**** EXERCISE DATA ****
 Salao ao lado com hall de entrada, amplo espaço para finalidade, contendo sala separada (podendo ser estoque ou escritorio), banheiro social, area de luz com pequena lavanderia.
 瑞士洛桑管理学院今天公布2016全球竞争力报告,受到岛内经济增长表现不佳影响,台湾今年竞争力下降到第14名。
****
**** EXERCISE DATA ****
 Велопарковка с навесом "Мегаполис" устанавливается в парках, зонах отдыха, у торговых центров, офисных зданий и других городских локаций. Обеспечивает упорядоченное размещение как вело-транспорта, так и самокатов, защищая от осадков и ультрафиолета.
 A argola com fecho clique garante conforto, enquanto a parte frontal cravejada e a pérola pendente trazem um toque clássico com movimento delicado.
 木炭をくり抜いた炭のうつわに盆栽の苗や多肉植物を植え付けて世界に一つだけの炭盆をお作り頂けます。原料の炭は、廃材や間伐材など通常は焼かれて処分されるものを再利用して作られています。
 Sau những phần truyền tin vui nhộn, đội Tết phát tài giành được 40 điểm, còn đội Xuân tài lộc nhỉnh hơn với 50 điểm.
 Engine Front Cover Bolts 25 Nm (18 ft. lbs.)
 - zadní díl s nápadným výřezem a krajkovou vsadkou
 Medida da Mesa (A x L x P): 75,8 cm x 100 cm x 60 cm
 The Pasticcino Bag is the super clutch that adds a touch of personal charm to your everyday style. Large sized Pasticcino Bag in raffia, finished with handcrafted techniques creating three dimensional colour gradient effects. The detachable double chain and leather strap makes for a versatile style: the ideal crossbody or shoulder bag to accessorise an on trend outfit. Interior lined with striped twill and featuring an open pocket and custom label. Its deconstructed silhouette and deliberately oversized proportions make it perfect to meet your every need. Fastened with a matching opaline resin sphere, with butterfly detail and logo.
****
YOUR TASK:
Starting at the line that contains "Salao ao lado" and stopping after the line that contains "瑞士洛桑管理学院今天公布20", write out every line exactly as it appears above, and no other line.

ANSWER BOX:
 Salao ao lado com hall de entrada, amplo espaço para finalidade, contendo sala separada (podendo ser estoque ou escritorio), banheiro social, area de luz com pequena lavanderia.
 瑞士洛桑管理学院今天公布2016全球竞争力报告,受到岛内经济增长表现不佳影响,台湾今年竞争力下降到第14名。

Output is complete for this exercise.